The task
What is needed is the exact text of each line in the listing below from the one with "- Доработан выбор" up to and including the one with "- Indirect-fired air", and no pictures.

Record extracts
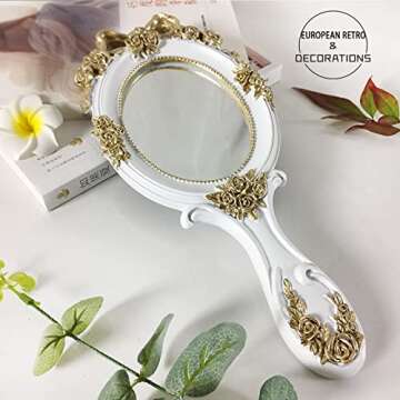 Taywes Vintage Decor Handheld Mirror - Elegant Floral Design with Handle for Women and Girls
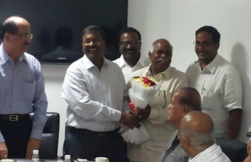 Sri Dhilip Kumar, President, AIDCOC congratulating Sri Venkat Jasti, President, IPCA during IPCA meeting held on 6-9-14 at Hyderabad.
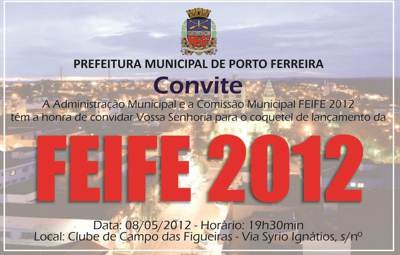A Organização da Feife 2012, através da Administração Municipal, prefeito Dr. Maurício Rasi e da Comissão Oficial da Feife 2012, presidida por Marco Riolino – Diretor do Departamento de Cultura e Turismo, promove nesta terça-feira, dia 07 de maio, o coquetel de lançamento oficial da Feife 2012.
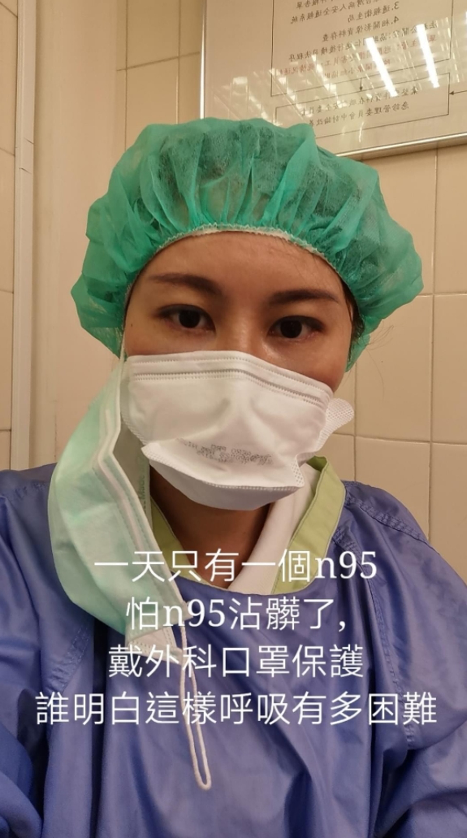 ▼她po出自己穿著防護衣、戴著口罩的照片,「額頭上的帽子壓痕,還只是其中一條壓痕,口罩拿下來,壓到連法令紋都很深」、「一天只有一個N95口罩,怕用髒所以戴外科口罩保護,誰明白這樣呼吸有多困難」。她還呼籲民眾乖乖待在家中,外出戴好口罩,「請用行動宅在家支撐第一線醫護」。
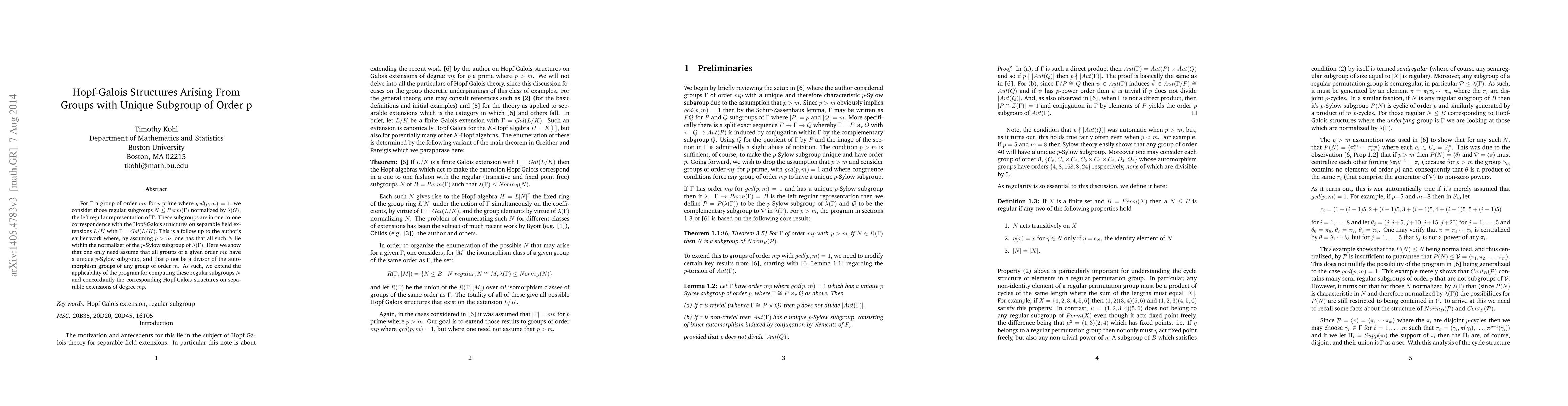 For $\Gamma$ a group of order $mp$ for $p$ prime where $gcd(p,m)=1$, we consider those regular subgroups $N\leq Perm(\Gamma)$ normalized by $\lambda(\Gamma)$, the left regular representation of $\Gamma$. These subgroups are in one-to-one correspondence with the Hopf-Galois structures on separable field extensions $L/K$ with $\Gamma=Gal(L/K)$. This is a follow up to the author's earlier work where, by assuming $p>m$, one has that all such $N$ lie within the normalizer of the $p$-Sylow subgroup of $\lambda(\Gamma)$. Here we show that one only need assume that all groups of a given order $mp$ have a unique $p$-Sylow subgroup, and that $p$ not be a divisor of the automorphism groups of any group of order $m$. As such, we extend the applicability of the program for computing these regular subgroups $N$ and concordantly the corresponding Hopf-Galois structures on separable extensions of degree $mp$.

--

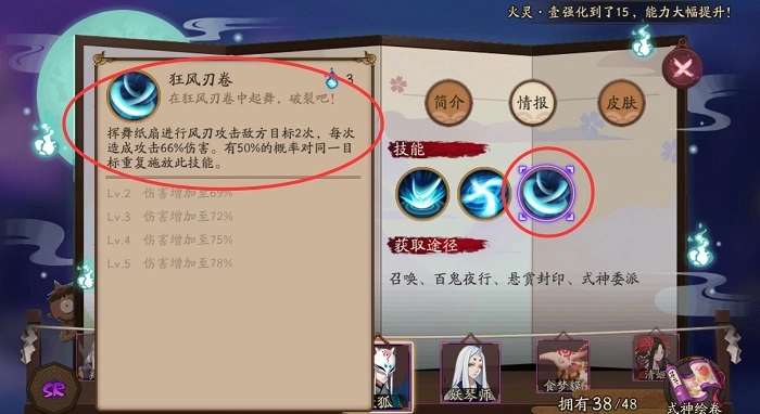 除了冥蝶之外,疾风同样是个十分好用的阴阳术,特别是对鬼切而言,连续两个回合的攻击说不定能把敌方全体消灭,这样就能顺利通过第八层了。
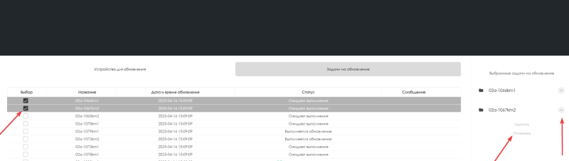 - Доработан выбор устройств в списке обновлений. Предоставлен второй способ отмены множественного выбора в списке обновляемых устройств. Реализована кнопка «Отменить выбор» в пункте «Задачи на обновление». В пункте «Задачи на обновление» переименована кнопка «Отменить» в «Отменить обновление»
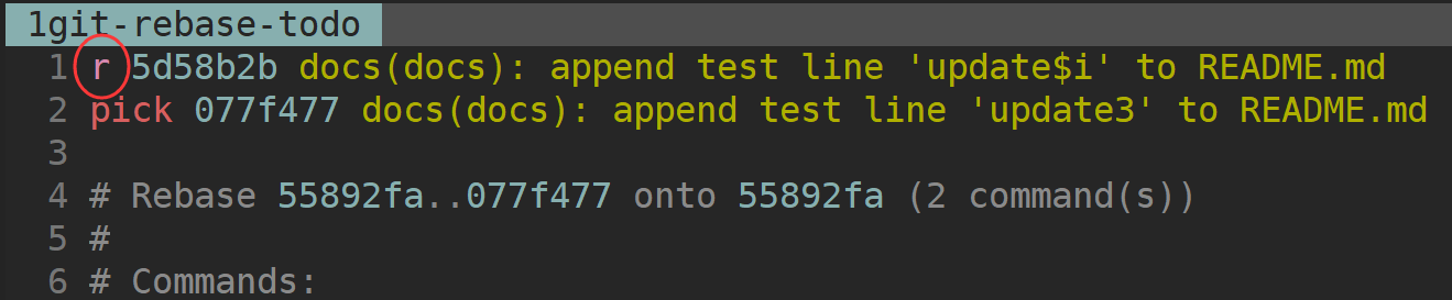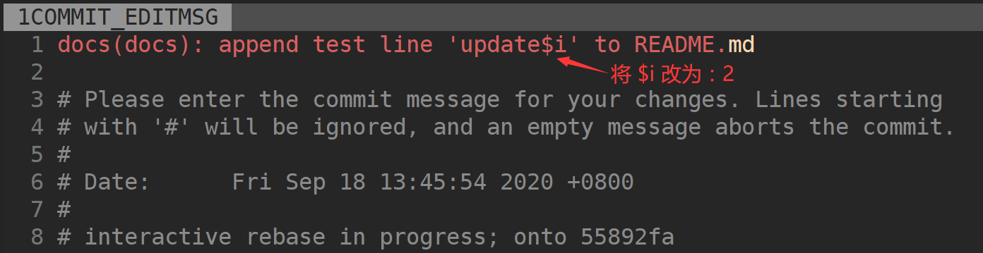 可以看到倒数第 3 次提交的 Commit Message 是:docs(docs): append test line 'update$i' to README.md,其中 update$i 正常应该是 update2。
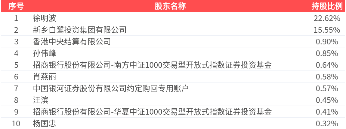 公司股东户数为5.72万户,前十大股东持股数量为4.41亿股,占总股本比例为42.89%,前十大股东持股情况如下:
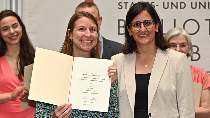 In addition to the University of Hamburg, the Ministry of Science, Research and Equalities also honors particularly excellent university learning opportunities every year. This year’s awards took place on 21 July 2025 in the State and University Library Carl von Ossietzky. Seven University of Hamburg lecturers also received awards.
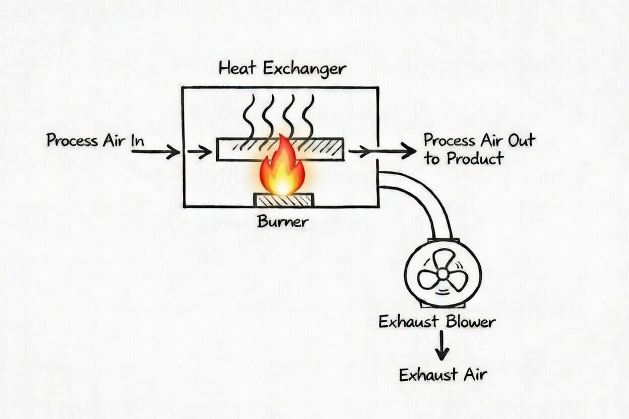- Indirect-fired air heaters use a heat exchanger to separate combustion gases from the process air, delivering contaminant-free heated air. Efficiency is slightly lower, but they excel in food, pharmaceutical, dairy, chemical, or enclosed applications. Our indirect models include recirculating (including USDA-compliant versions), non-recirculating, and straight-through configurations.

* * *

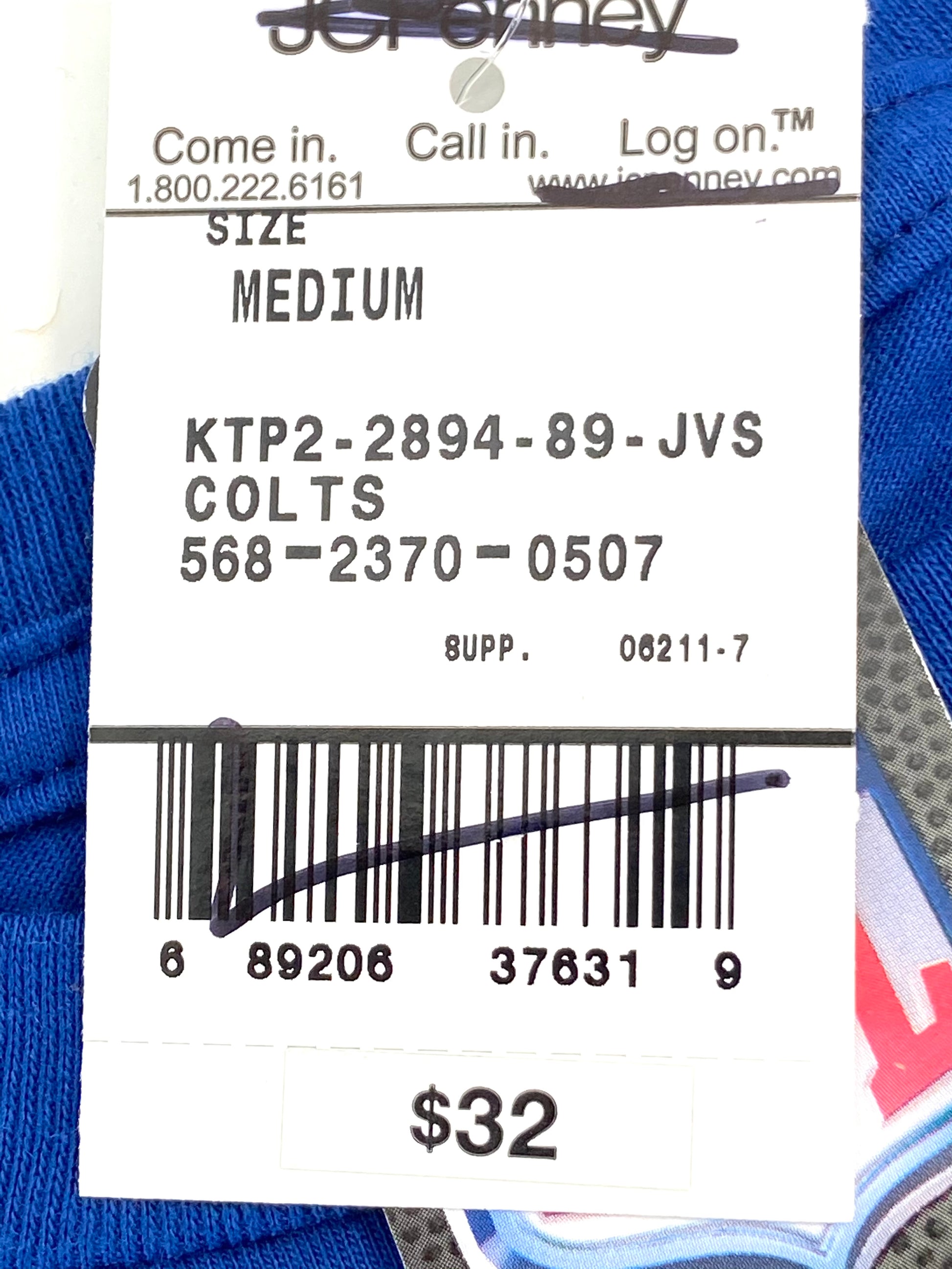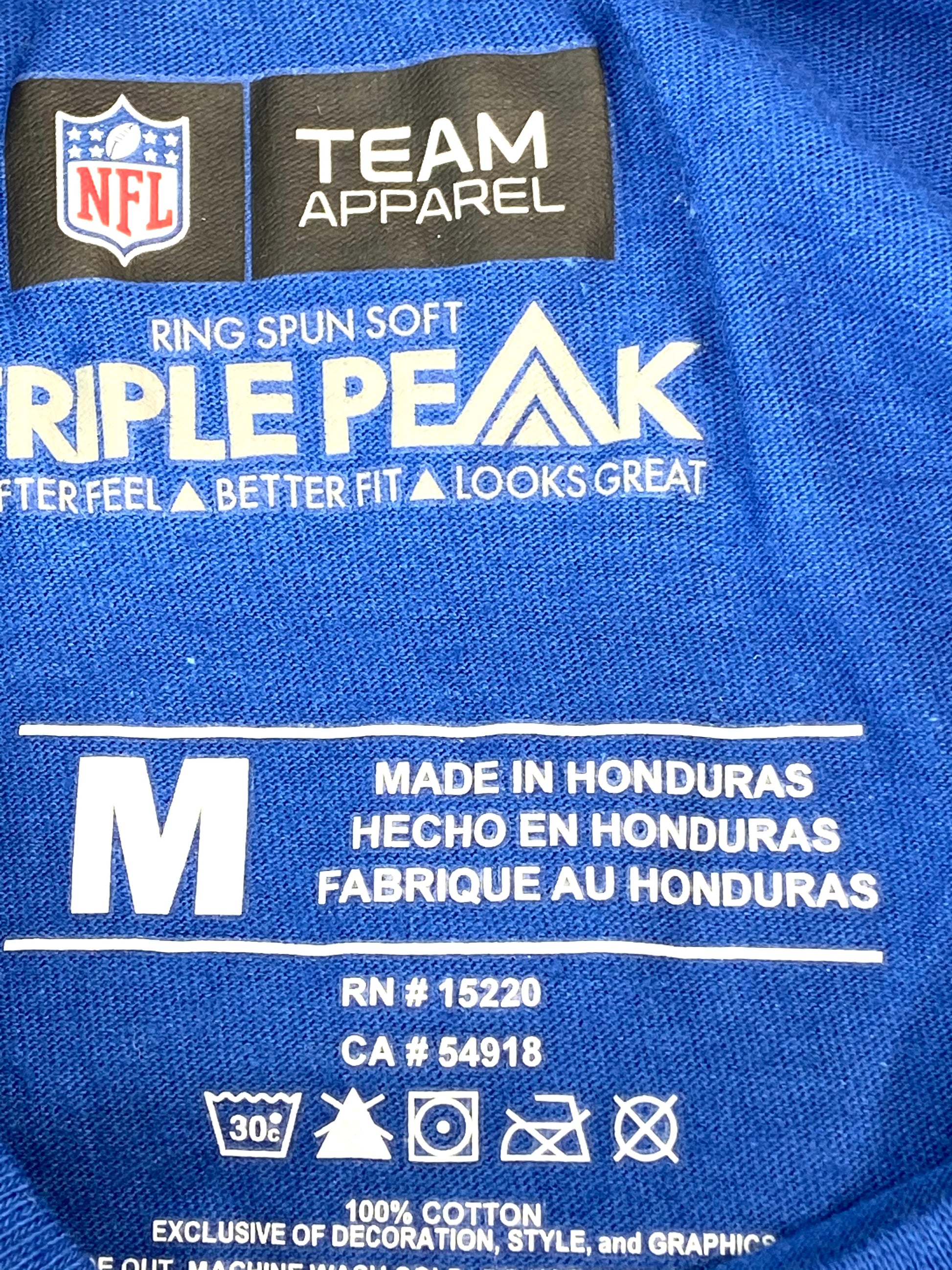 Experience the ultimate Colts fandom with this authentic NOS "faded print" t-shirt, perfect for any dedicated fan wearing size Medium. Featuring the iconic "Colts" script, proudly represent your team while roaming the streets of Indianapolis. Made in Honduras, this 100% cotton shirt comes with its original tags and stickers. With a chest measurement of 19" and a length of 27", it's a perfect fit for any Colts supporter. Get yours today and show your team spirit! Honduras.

Answer area
 - Доработан выбор устройств в списке обновлений. Предоставлен второй способ отмены множественного выбора в списке обновляемых устройств. Реализована кнопка «Отменить выбор» в пункте «Задачи на обновление». В пункте «Задачи на обновление» переименована кнопка «Отменить» в «Отменить обновление»
 可以看到倒数第 3 次提交的 Commit Message 是:docs(docs): append test line 'update$i' to README.md,其中 update$i 正常应该是 update2。
 公司股东户数为5.72万户,前十大股东持股数量为4.41亿股,占总股本比例为42.89%,前十大股东持股情况如下:
 In addition to the University of Hamburg, the Ministry of Science, Research and Equalities also honors particularly excellent university learning opportunities every year. This year’s awards took place on 21 July 2025 in the State and University Library Carl von Ossietzky. Seven University of Hamburg lecturers also received awards.
- Indirect-fired air heaters use a heat exchanger to separate combustion gases from the process air, delivering contaminant-free heated air. Efficiency is slightly lower, but they excel in food, pharmaceutical, dairy, chemical, or enclosed applications. Our indirect models include recirculating (including USDA-compliant versions), non-recirculating, and straight-through configurations.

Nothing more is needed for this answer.